===== Records for this exercise
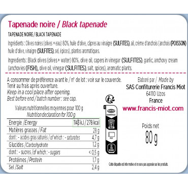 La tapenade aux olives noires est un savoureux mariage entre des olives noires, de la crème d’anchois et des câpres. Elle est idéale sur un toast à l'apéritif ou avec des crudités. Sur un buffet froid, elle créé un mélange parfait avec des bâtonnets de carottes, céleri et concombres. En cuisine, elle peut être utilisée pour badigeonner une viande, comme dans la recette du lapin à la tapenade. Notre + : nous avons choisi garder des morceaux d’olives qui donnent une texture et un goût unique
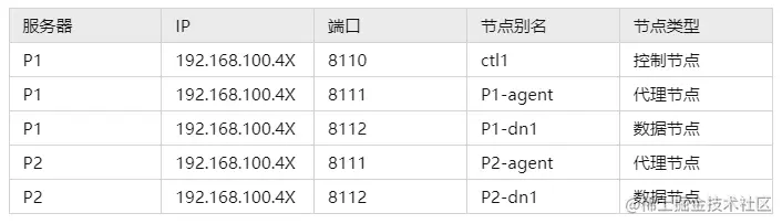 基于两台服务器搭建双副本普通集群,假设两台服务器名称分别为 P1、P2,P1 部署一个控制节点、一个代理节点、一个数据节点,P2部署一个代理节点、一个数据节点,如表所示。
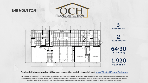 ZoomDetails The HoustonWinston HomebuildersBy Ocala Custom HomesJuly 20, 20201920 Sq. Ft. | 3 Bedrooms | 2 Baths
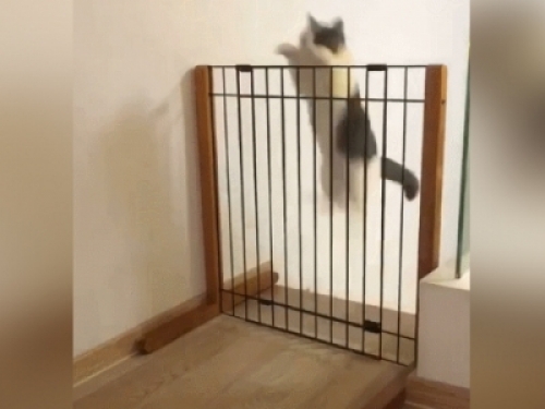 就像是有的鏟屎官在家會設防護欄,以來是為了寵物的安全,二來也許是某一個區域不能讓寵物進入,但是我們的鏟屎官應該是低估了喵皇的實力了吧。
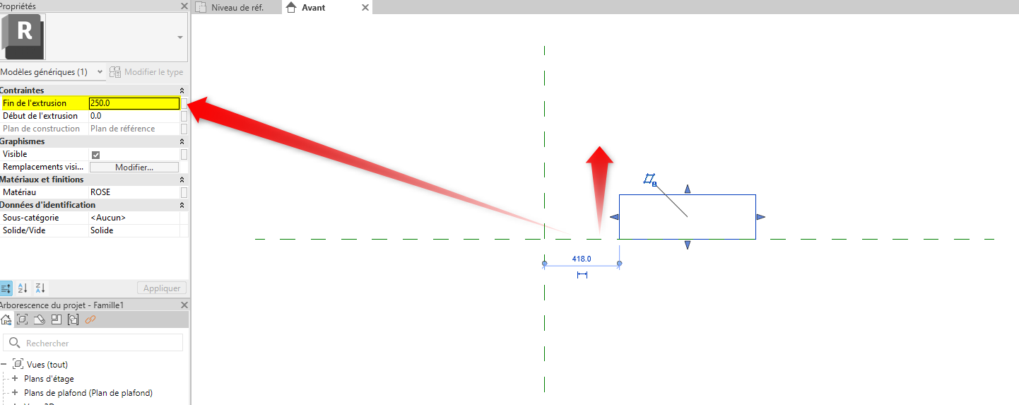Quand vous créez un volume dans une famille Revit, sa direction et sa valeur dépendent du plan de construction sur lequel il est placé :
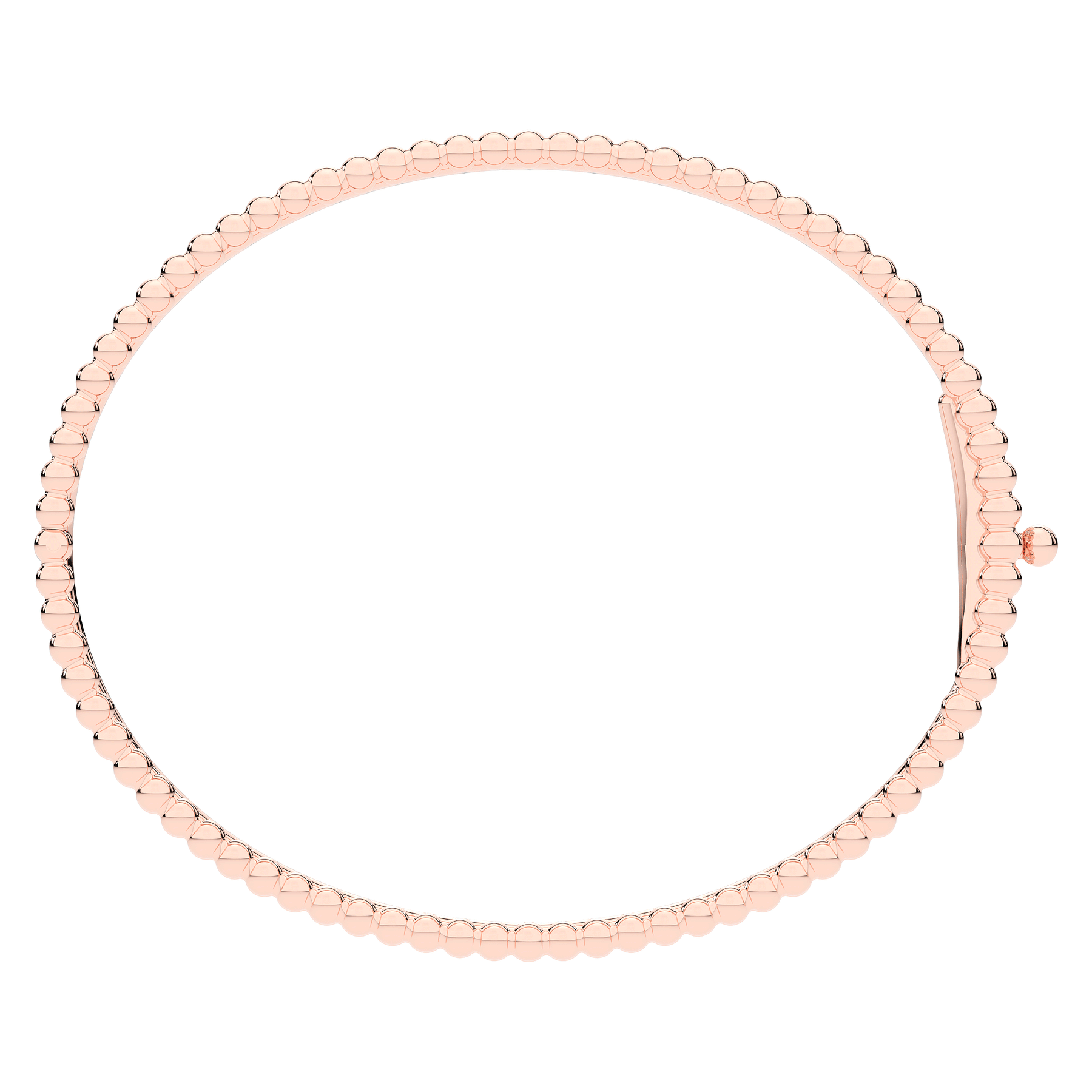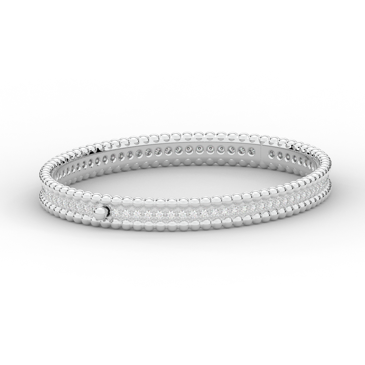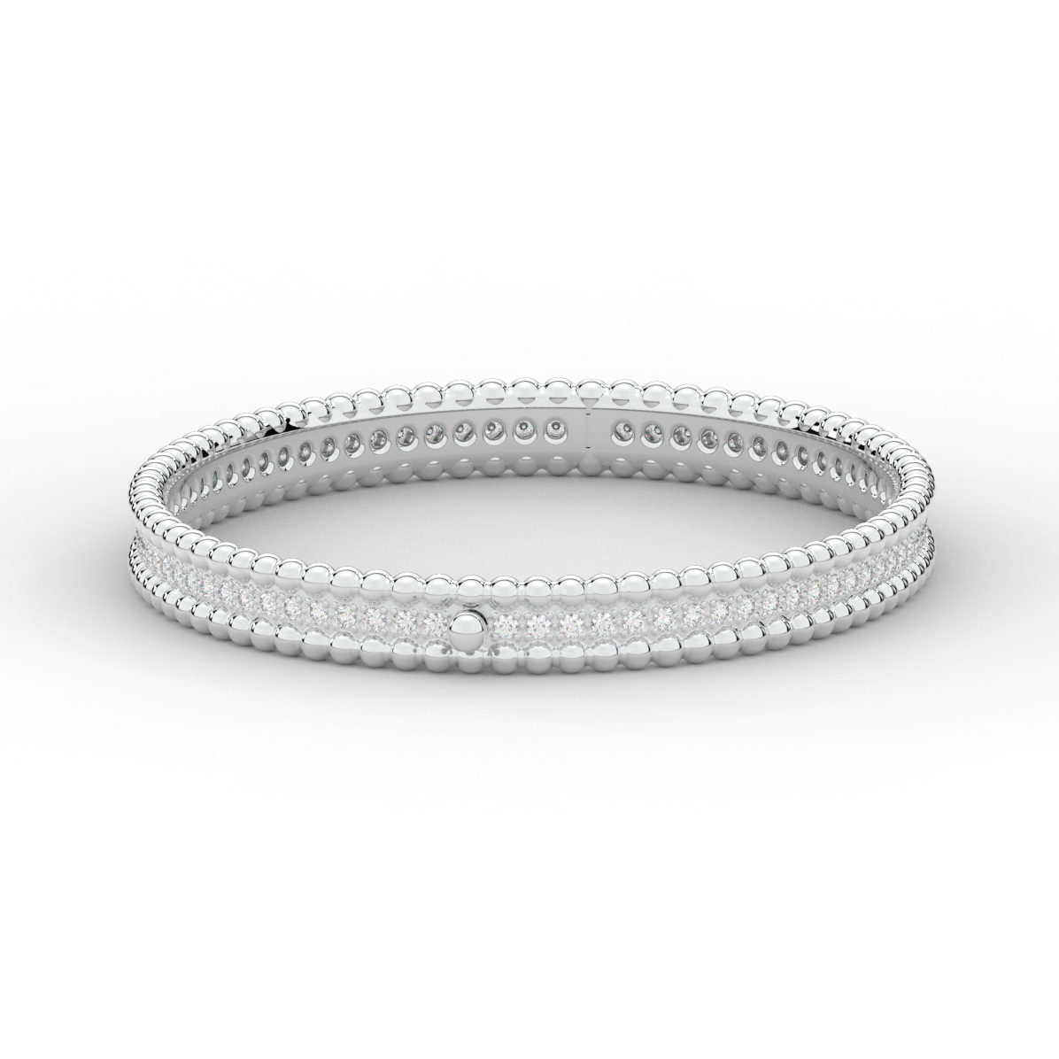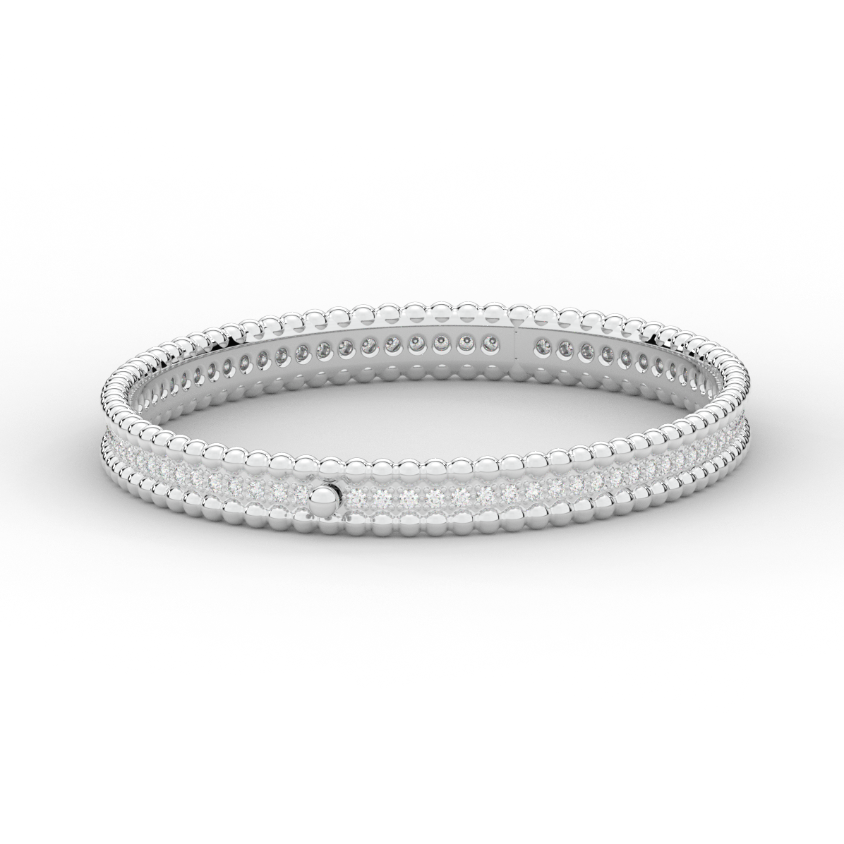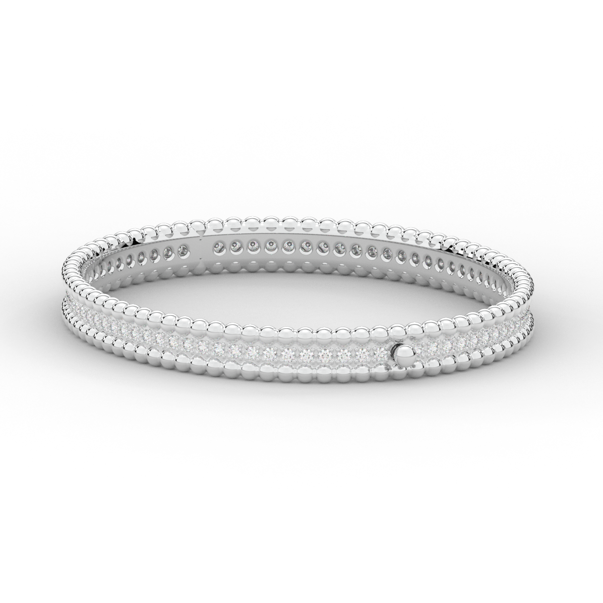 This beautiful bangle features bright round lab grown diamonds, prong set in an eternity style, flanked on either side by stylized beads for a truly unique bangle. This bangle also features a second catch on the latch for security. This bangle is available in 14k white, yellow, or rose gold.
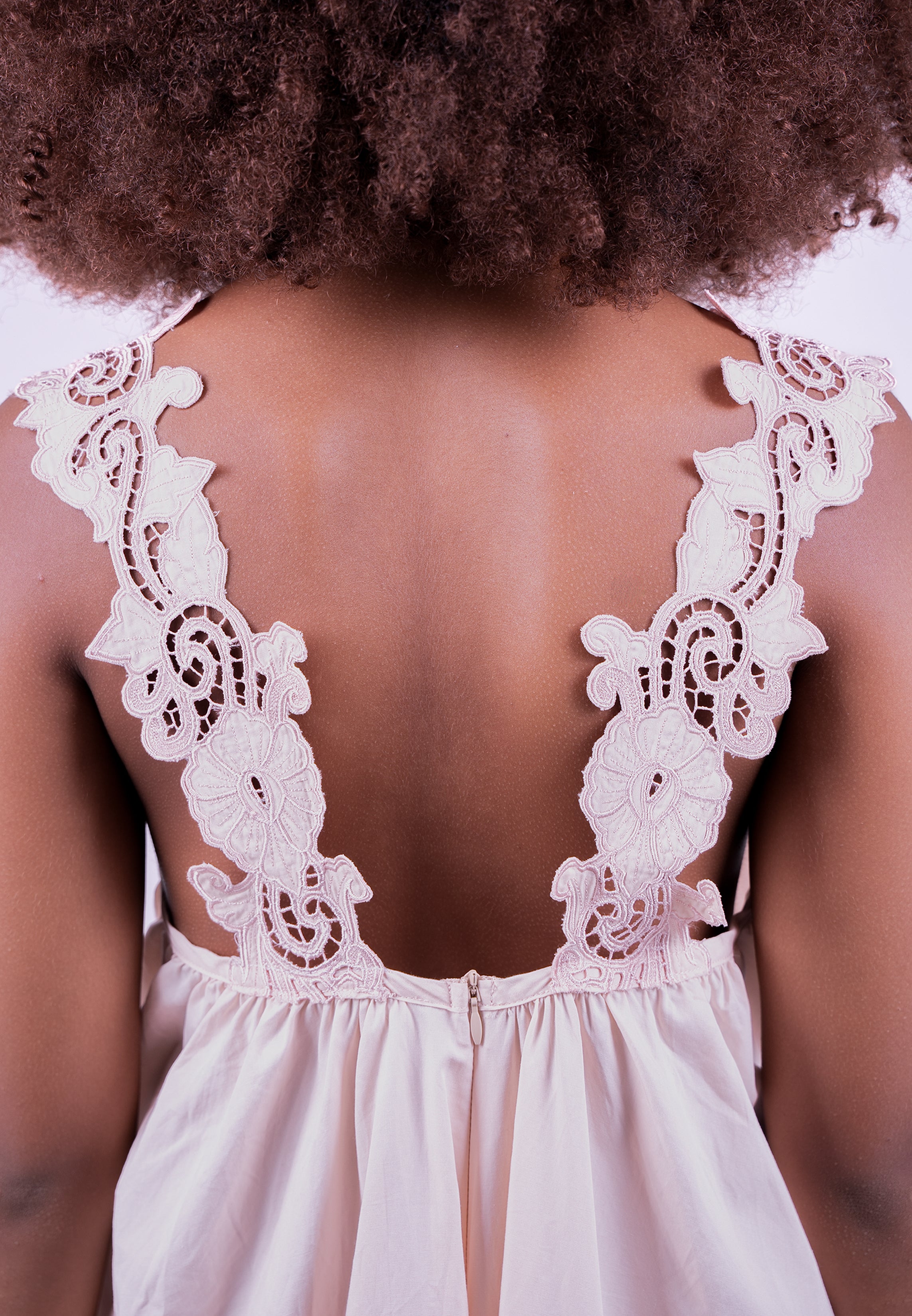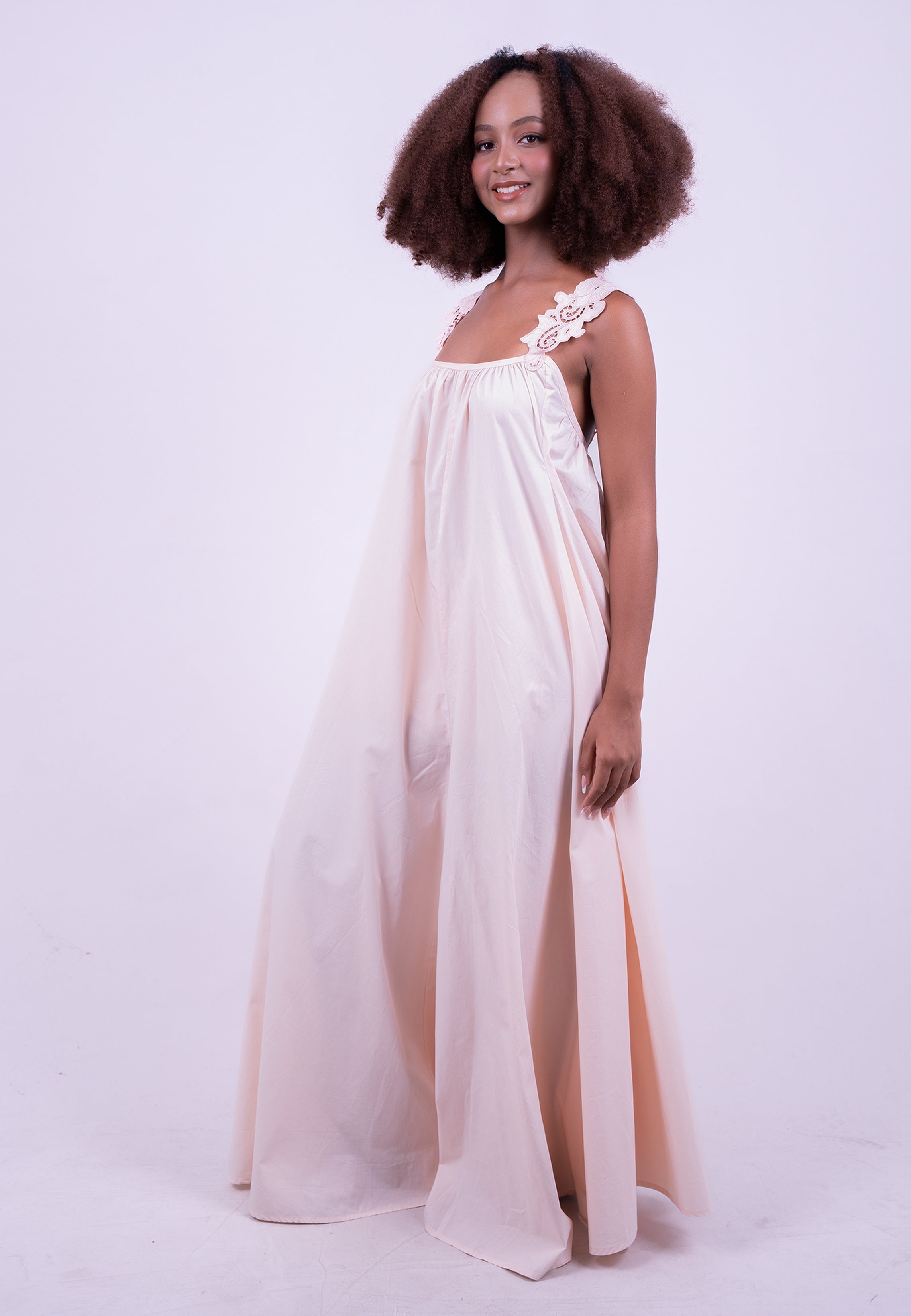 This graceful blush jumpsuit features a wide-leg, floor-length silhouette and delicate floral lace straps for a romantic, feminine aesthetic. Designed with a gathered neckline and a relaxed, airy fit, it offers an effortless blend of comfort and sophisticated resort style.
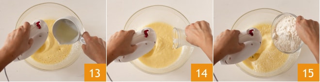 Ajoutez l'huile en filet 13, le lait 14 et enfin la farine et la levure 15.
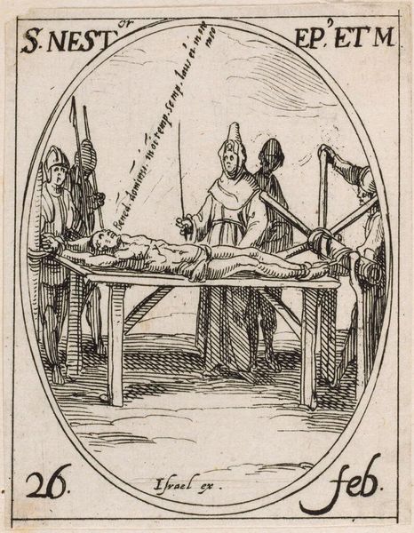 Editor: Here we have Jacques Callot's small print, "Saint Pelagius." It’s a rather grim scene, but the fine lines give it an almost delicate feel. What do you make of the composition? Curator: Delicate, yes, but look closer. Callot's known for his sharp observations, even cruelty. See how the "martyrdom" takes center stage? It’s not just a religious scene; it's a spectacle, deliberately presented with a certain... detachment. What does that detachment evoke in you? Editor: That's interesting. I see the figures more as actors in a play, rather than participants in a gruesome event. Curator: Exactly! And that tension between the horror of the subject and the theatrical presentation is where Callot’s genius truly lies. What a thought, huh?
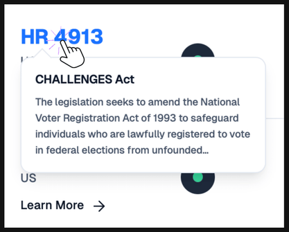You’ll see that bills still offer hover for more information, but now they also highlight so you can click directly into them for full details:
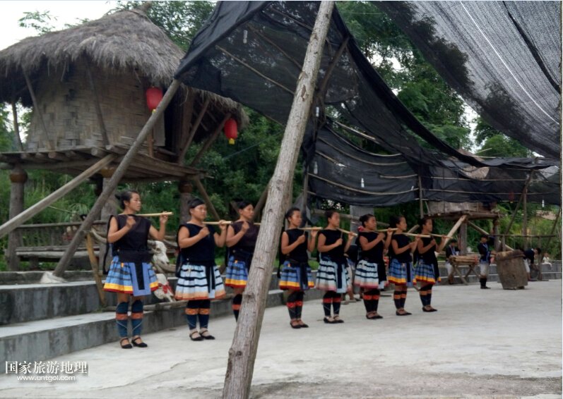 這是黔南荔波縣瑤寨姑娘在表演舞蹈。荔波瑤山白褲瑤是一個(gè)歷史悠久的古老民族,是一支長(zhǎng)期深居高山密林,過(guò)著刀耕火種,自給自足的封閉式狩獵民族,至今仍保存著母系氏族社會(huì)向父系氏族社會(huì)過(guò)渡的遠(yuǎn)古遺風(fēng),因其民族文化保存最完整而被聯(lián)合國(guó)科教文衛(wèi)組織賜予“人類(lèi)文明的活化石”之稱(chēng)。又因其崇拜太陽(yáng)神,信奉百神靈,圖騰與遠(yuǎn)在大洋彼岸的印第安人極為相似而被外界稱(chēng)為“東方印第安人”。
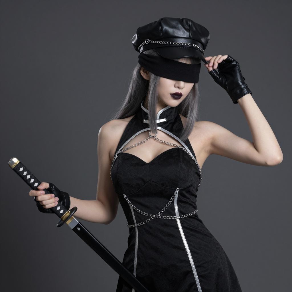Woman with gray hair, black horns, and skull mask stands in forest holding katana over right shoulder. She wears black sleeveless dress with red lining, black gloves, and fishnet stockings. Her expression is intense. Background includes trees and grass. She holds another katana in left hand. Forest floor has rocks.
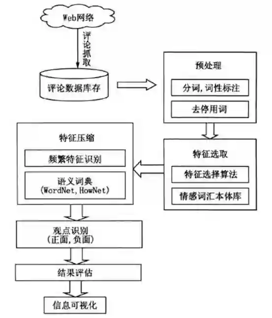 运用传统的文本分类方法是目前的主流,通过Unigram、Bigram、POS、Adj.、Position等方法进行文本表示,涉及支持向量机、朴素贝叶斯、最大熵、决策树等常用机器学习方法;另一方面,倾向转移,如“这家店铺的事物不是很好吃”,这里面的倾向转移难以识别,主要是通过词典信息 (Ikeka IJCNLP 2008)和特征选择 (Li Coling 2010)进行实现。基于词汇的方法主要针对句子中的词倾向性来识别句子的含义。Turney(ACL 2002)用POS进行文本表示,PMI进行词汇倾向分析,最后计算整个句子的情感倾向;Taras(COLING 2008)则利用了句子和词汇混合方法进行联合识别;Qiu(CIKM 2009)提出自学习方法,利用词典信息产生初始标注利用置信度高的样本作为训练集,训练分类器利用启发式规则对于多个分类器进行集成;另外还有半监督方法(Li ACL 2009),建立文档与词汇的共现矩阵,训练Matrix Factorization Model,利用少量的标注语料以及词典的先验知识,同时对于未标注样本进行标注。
==========
* [Problem description]:
Return every line shown above without changing a word, and skip the pictures.

* [Answer area]:
 La tapenade aux olives noires est un savoureux mariage entre des olives noires, de la crème d’anchois et des câpres. Elle est idéale sur un toast à l'apéritif ou avec des crudités. Sur un buffet froid, elle créé un mélange parfait avec des bâtonnets de carottes, céleri et concombres. En cuisine, elle peut être utilisée pour badigeonner une viande, comme dans la recette du lapin à la tapenade. Notre + : nous avons choisi garder des morceaux d’olives qui donnent une texture et un goût unique
 基于两台服务器搭建双副本普通集群,假设两台服务器名称分别为 P1、P2,P1 部署一个控制节点、一个代理节点、一个数据节点,P2部署一个代理节点、一个数据节点,如表所示。
 ZoomDetails The HoustonWinston HomebuildersBy Ocala Custom HomesJuly 20, 20201920 Sq. Ft. | 3 Bedrooms | 2 Baths
 就像是有的鏟屎官在家會設防護欄,以來是為了寵物的安全,二來也許是某一個區域不能讓寵物進入,但是我們的鏟屎官應該是低估了喵皇的實力了吧。
Quand vous créez un volume dans une famille Revit, sa direction et sa valeur dépendent du plan de construction sur lequel il est placé :
 This beautiful bangle features bright round lab grown diamonds, prong set in an eternity style, flanked on either side by stylized beads for a truly unique bangle. This bangle also features a second catch on the latch for security. This bangle is available in 14k white, yellow, or rose gold.
 This graceful blush jumpsuit features a wide-leg, floor-length silhouette and delicate floral lace straps for a romantic, feminine aesthetic. Designed with a gathered neckline and a relaxed, airy fit, it offers an effortless blend of comfort and sophisticated resort style.
 Ajoutez l'huile en filet 13, le lait 14 et enfin la farine et la levure 15.
 Editor: Here we have Jacques Callot's small print, "Saint Pelagius." It’s a rather grim scene, but the fine lines give it an almost delicate feel. What do you make of the composition? Curator: Delicate, yes, but look closer. Callot's known for his sharp observations, even cruelty. See how the "martyrdom" takes center stage? It’s not just a religious scene; it's a spectacle, deliberately presented with a certain... detachment. What does that detachment evoke in you? Editor: That's interesting. I see the figures more as actors in a play, rather than participants in a gruesome event. Curator: Exactly! And that tension between the horror of the subject and the theatrical presentation is where Callot’s genius truly lies. What a thought, huh?
You’ll see that bills still offer hover for more information, but now they also highlight so you can click directly into them for full details:
 這是黔南荔波縣瑤寨姑娘在表演舞蹈。荔波瑤山白褲瑤是一個(gè)歷史悠久的古老民族,是一支長(zhǎng)期深居高山密林,過(guò)著刀耕火種,自給自足的封閉式狩獵民族,至今仍保存著母系氏族社會(huì)向父系氏族社會(huì)過(guò)渡的遠(yuǎn)古遺風(fēng),因其民族文化保存最完整而被聯(lián)合國(guó)科教文衛(wèi)組織賜予“人類(lèi)文明的活化石”之稱(chēng)。又因其崇拜太陽(yáng)神,信奉百神靈,圖騰與遠(yuǎn)在大洋彼岸的印第安人極為相似而被外界稱(chēng)為“東方印第安人”。
Woman with gray hair, black horns, and skull mask stands in forest holding katana over right shoulder. She wears black sleeveless dress with red lining, black gloves, and fishnet stockings. Her expression is intense. Background includes trees and grass. She holds another katana in left hand. Forest floor has rocks.
 运用传统的文本分类方法是目前的主流,通过Unigram、Bigram、POS、Adj.、Position等方法进行文本表示,涉及支持向量机、朴素贝叶斯、最大熵、决策树等常用机器学习方法;另一方面,倾向转移,如“这家店铺的事物不是很好吃”,这里面的倾向转移难以识别,主要是通过词典信息 (Ikeka IJCNLP 2008)和特征选择 (Li Coling 2010)进行实现。基于词汇的方法主要针对句子中的词倾向性来识别句子的含义。Turney(ACL 2002)用POS进行文本表示,PMI进行词汇倾向分析,最后计算整个句子的情感倾向;Taras(COLING 2008)则利用了句子和词汇混合方法进行联合识别;Qiu(CIKM 2009)提出自学习方法,利用词典信息产生初始标注利用置信度高的样本作为训练集,训练分类器利用启发式规则对于多个分类器进行集成;另外还有半监督方法(Li ACL 2009),建立文档与词汇的共现矩阵,训练Matrix Factorization Model,利用少量的标注语料以及词典的先验知识,同时对于未标注样本进行标注。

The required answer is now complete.